Insurer Aviva and Rock Rail, a UK-based owner and asset manager of rolling stock, have teamed up with the UK’s state-owned infrastructure investment bank to come up with a new way of funding the costly decarbonisation of Britain’s fleet of more than 35,000 mostly diesel buses.
The partnership said it has committed an initial £100mn to fund up to 250 zero emission buses across the UK. The first 60 battery-powered buses will be leased to the Go-Ahead Group, one of Britain’s biggest transport operators, and run on routes throughout London.
The UK bus industry is at an inflection point as it faces the expensive task of switching its diesel buses to electric or hybrid vehicles. A double decker electric bus costs around £450,000, compared with £250,000 for a typical diesel vehicle.
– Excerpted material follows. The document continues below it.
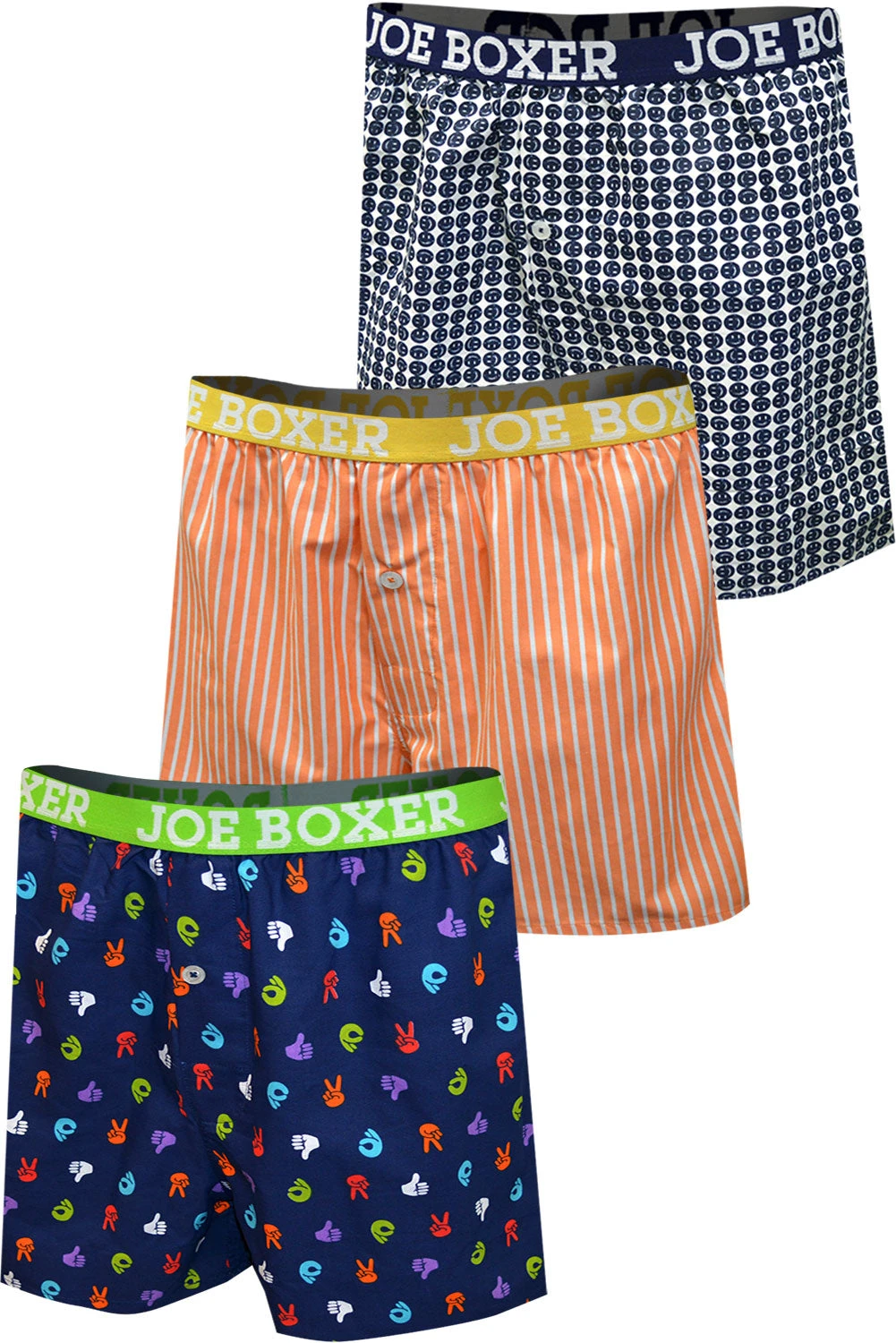 This Joe Boxer multi pack is a wardrobe must have! This 3 pack of traditional woven cotton boxer shorts for men includes 3 pairs (estate blue geo, persimmon orange stripe, estate blue hands). These boxers have the signature Joe Boxer waistband. They have a summary fly, are an easy comfort fit with an airflow design and are tag free.

Mark Swindell, the chief executive of Rock Rail, estimated that it would cost between £10bn to £15bn to transition to a zero emission fleet, as only 2,000 of the UK’s 36,500 buses are currently electric.
“If you are a bus operator, you do not have that kind of investment available . . . this is about finding a way to bring institutional money in,” he said.
The UK Infrastructure Bank is providing £50mn debt financing to the project, alongside lender HSBC. The buses will ultimately be owned by a joint venture controlled by Rock Rail and Aviva.
The UKIB was set up in 2021 to invest private sector finance into projects that help meet the government’s net zero climate targets, as well as tackling regional inequality.
“Replacing [diesel buses] with a cleaner, greener alternative will be key in decarbonising the transport sector and achieving UK net zero targets,” said UKIB chief executive John Flint. “This will require a massive scale up of investment”.
Rock Rail’s Swindell said the deal marked the first time that the leasing model used to fund new trains in the UK had been used at scale in the bus sector.
Rolling-stock leasing companies, or Roscos — which are owned by financial investors — were set up to supply new trains to the UK railway following privatisation in the 1990s, and have proved highly profitable.
Roscos paid £409.7mn in dividends to shareholders in the financial year ending in March 2023, according to the rail industry regulator, at a time when the rest of the rail industry has struggled financially and been the recipient of significant government aid.
Buses in the UK have typically been bought outright by operators, leased from traditional banks or funded by local authorities in the past.
The UK government has also subsidised some electric vehicles for local transport authorities in England outside of London.